It’s been a rough few months for Donald Trump in his efforts to appeal to many Republican voters but it looks like they are finally coming home after months of flagging support threatened to put the White House out of reach.
Trump’s candidacy has been deeply divisive within Republican ranks, drawing fire from senior office-holders such as Speaker Paul Ryan (R-Wis.), past presidential nominees including Mitt Romney and Sen. John McCain (R-Ariz.), and numerous conservative pundits.
From The Hill
Now, as Republicans face up to the specter of a Hillary Clinton presidency, Trump’s numbers are on the rise. But polling experts caution that he is still a few points shy of where he needs to be.
David Winston, a GOP pollster, noted that the party’s 2012 nominee Mitt Romney received 93 percent support from voters who identified as Republican, according to exit polls. In most current polls, Trump is a notch lower.
“He was pretty consistently — up to a couple of weeks ago — clearly underperforming,” Winston said of Trump. “One of the things you’ve seen is that he has slowly got back to somewhere between 85 and 90 percent [of Republican voters]. But he’s still a bit short.”
Winston said that there had been several factors working in Trump’s favor of late. He said some party loyalists had finally completed the process of “working through the fact that they were unhappy he was the nominee.” Trump has also been relatively disciplined on the campaign trail recently, while Clinton has been pushed onto the defensive by a surprise FBI statement about newly discovered emails.
Patrick Murray, director of the Monmouth University Polling Institute, acknowledged that the GOP nominee had not persuaded all Republican voters, but said he has made progress.
“Reverting to type would assume some normal behavior and we are not seeing that,” Murray said. “But you have seen Trump picking up some support from certain segments of the electorate that tend to vote for Republicans — such as white, working-class women, where Hillary Clinton remains stronger than average [for a Democrat] but Trump has been able to gain.”
Polling data underlines the point.
Two of the main tracking polls, from ABC News/Washington Post and IBD/TIPP, saw Trump moving up within the past couple of weeks.
The first IBD tracking poll appeared on Oct. 19 and showed Trump receiving the support of 82 percent of Republicans. That figure had climbed to 88 percent by Wednesday. The ABC News/ Washington Post tracker first appeared on Oct. 23, giving Trump 83 percent GOP support. He is now up to 88 percent in the same poll.
Similar dynamics are also seen at the state level. Marist College polls of Florida, conducted for NBC News and The Wall Street Journal, show Trump’s Republican support rising from 76 percent in August to 86 percent one month ago, to 88 percent in the most recent survey, conducted just before Clinton was hit with the FBI announcement. In the same organization’s polling of North Carolina, he rose through those same dates from 80 percent to 86 percent to 89 percent.
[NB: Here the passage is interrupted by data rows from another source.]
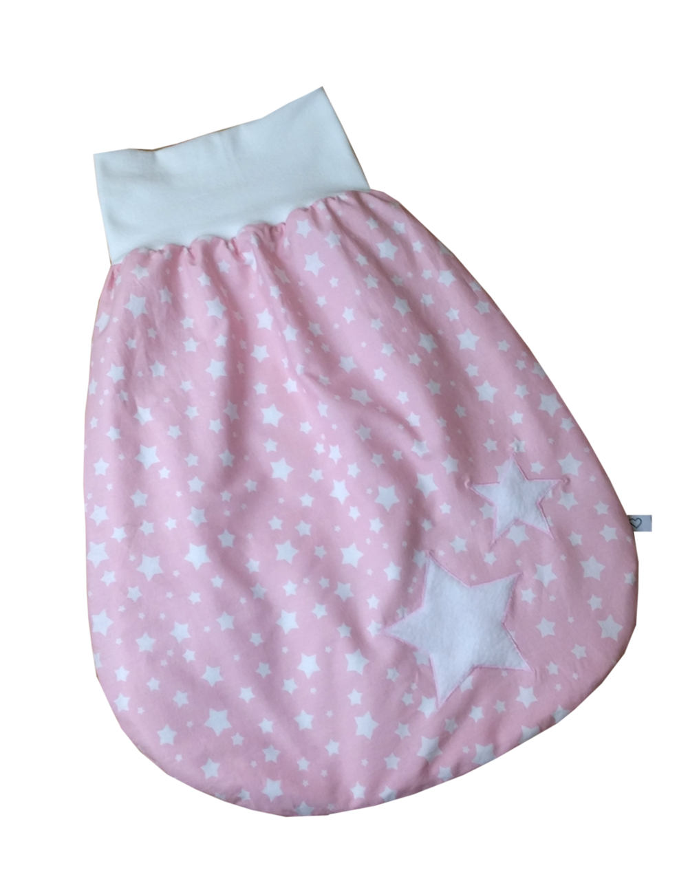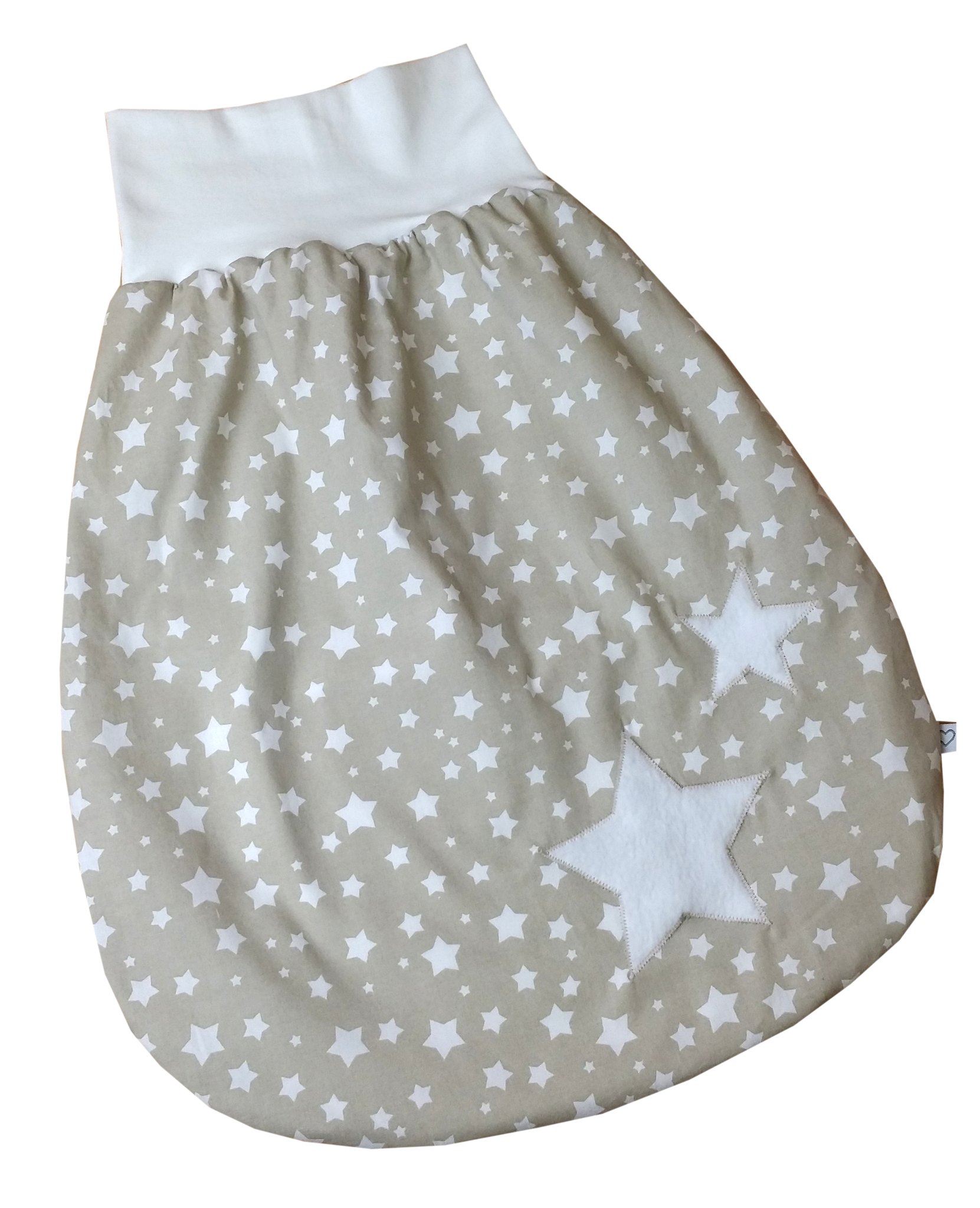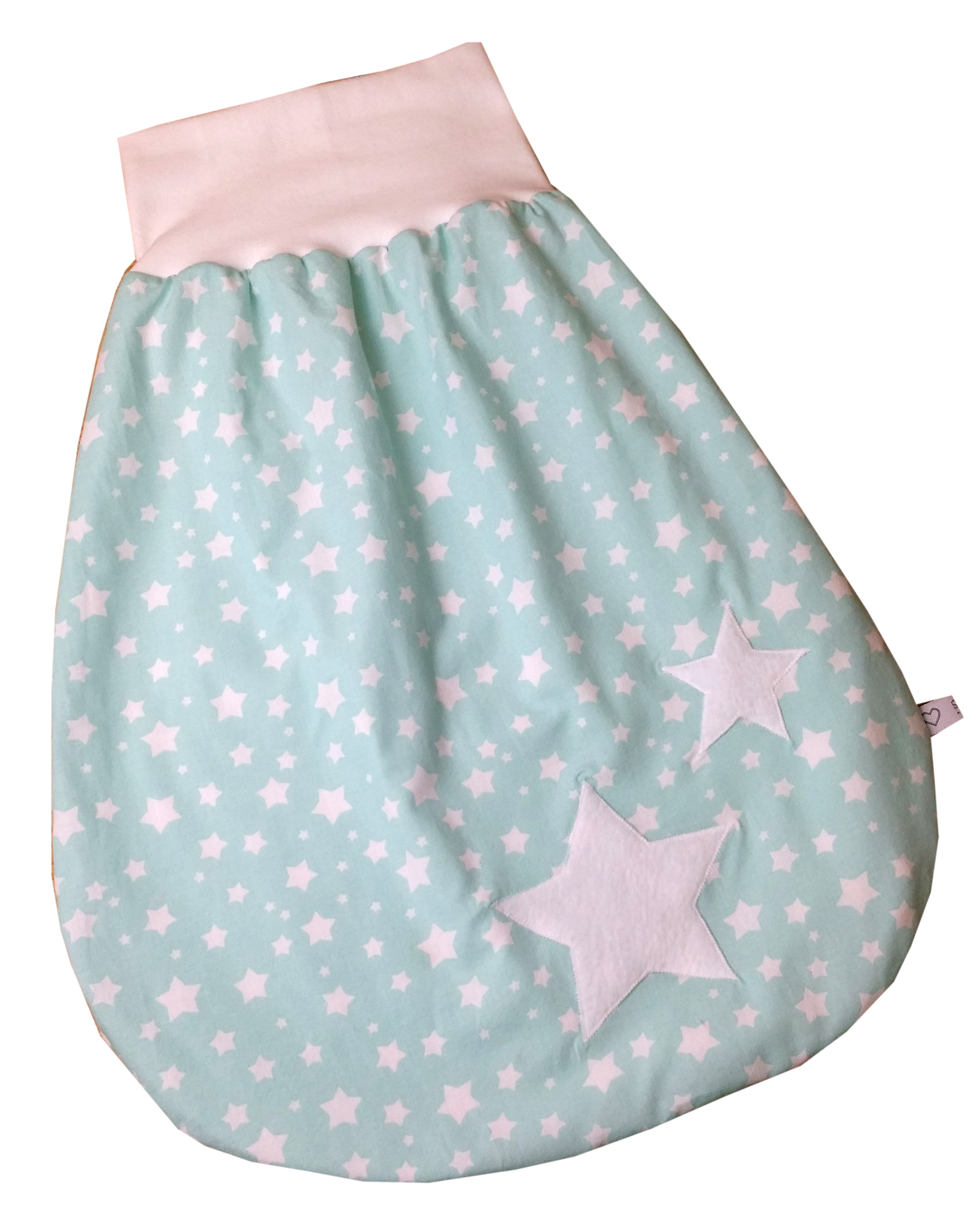 Der Strampelsack ist aus hochwertigen Baumwollstoff gefertigt, als Innenteil wird wahlweise Molton (für die kälteren Tage/Nächte) oder Baumwolle verwendet.
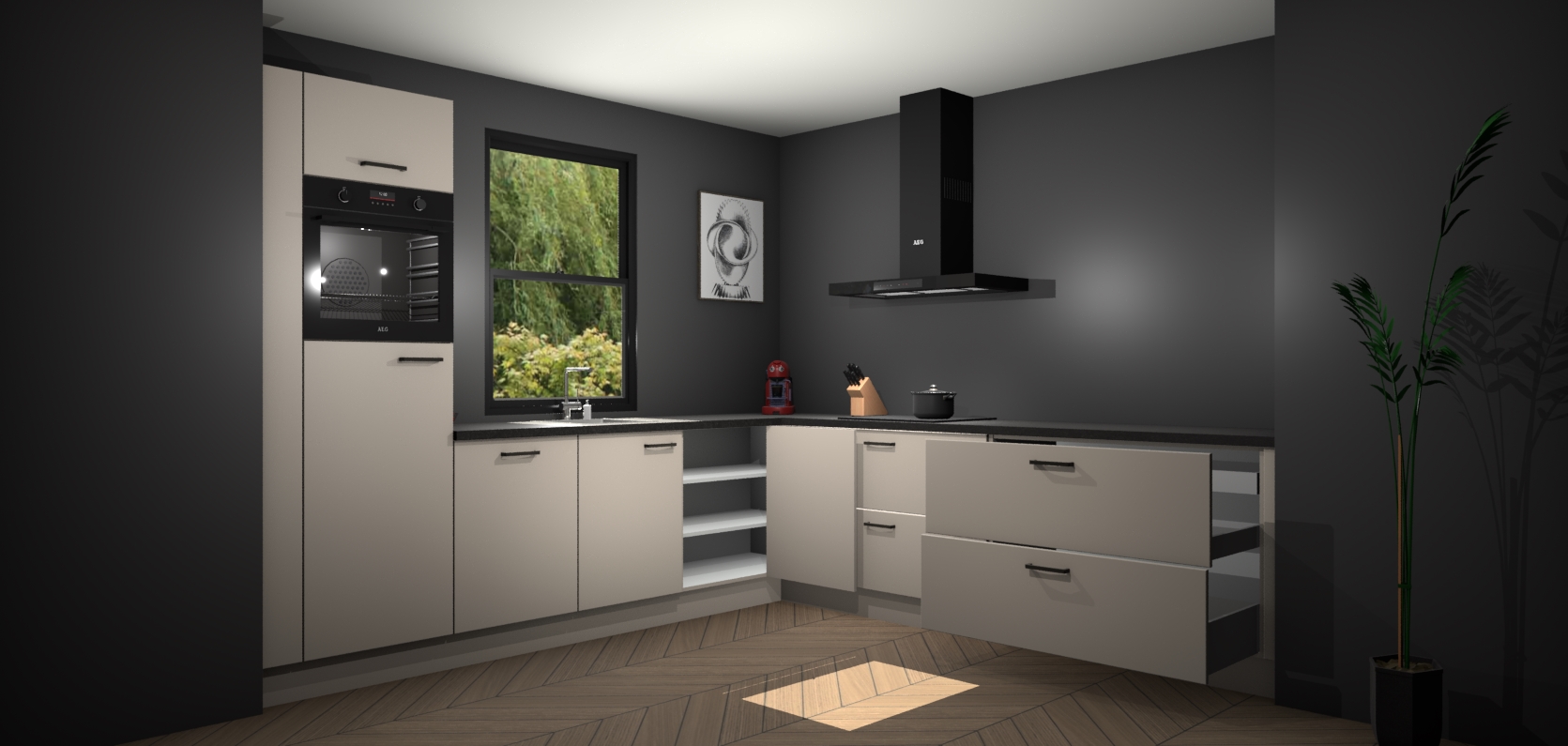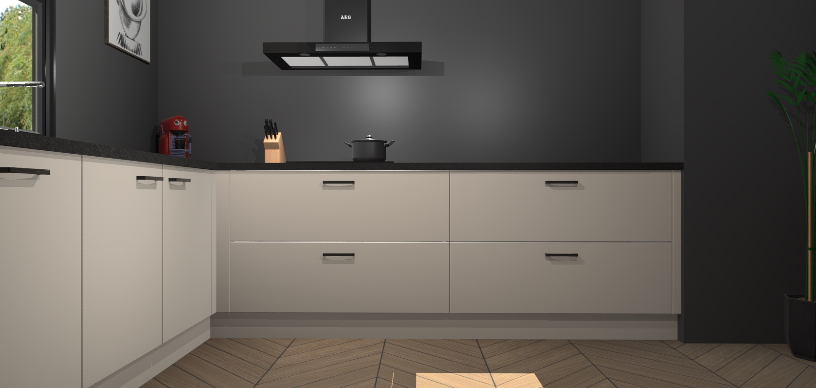 Inclusief plinten, stelpoten en werkblad
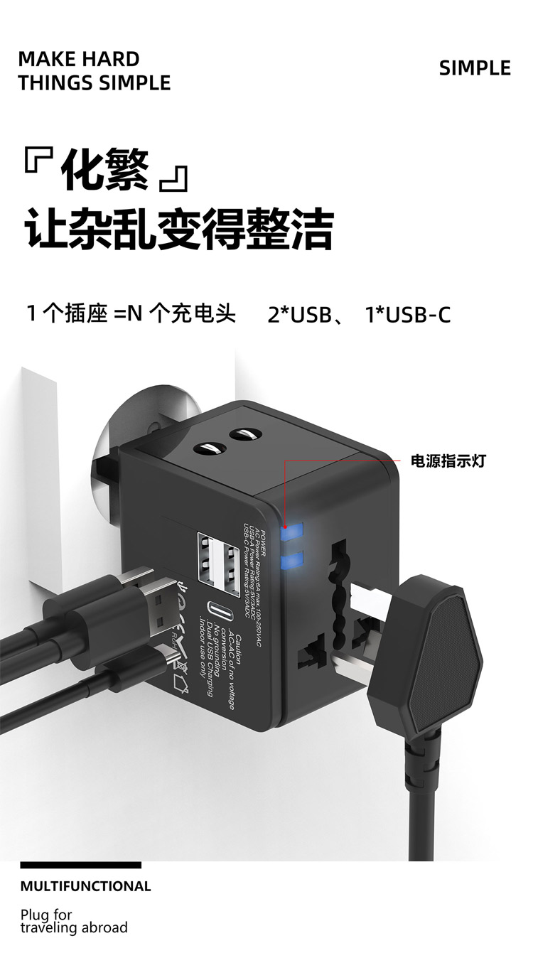 全球通旅行转换插头,2个USB+1个Type-c,多国转换一体设计,智能充电,四合一转换插头。小巧便携,八重保护,安全出行。
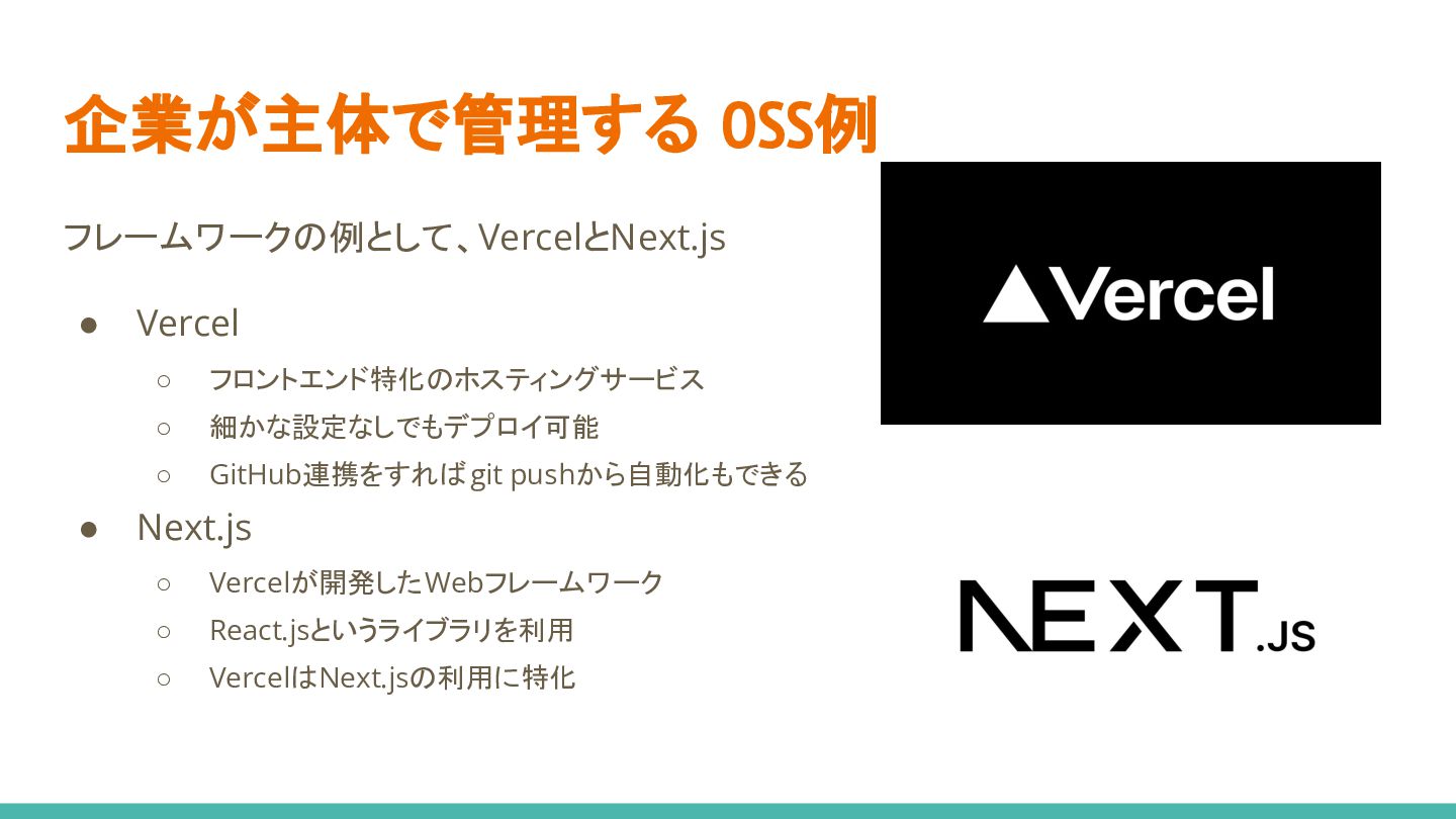 企業が主体で管理する OSS例 フレームワークの例として、VercelとNext.js • Vercel ◦ フロントエンド特化のホスティングサービス ◦ 細かな設定なしでもデプロイ可能 ◦
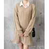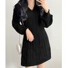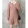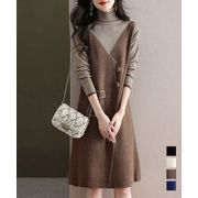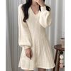 レディース ボリュームスリーブ Aラインワンピース 通勤通学 Vネックショート丈ワンピース 韓国風 膝上丈ワンピース長袖 |
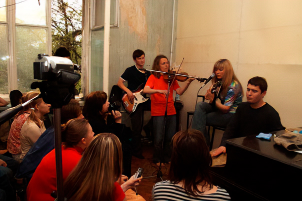 Ранее мы рассмотрели формат квартирников, где один человек берет на себя всю организацию мероприятия. Стоит отметить, что на таких встречах обычно собирается более зрелая аудитория. Это неудивительно, ведь именно эти люди выросли в эпоху, когда квартирники были особенно популярны. Значит ли это, что молодые музыканты больше не устраивают квартирные концерты? Не совсем так, концерты, которые происходят непосредственно в квартире, обычно организуют малоизвестные группы, приглашая туда своих друзей и знакомых. Поэтому найти какую-либо документацию о таких мероприятиях крайне сложно, а порой и вовсе невозможно. Популярные же музыканты могут устраивать имитации квартирников.

There are other factors to Trump’s rise among Republicans, insiders say. Key among them is the contribution made by his running mate, Indiana Gov. Mike Pence.
Pence, with his unimpeachable conservative credentials, has one job above all others: To bring wayward Republicans into the fold.
Marc Short, a senior adviser to the VP nominee, told The Hill that a speech Pence delivered about ObamaCare in Philadelphia Tuesday was as much about ObamaCare as it was about “using ObamaCare as a vehicle to make the appeal for Republicans to come home.”
“Donald Trump has obviously struck a chord with a lot of Americans and has won an enormous amount of independent support — particularly among blue collar workers and people who are fed up with Washington,” Short said.
“But we’re still working to consolidate the Republican Party,” he added. “Mike is uniquely positioned. … He has a lot of friendships and associations and is able to uniquely make the appeal as to why this election cycle is so important and why it’s important for Republicans to come home.”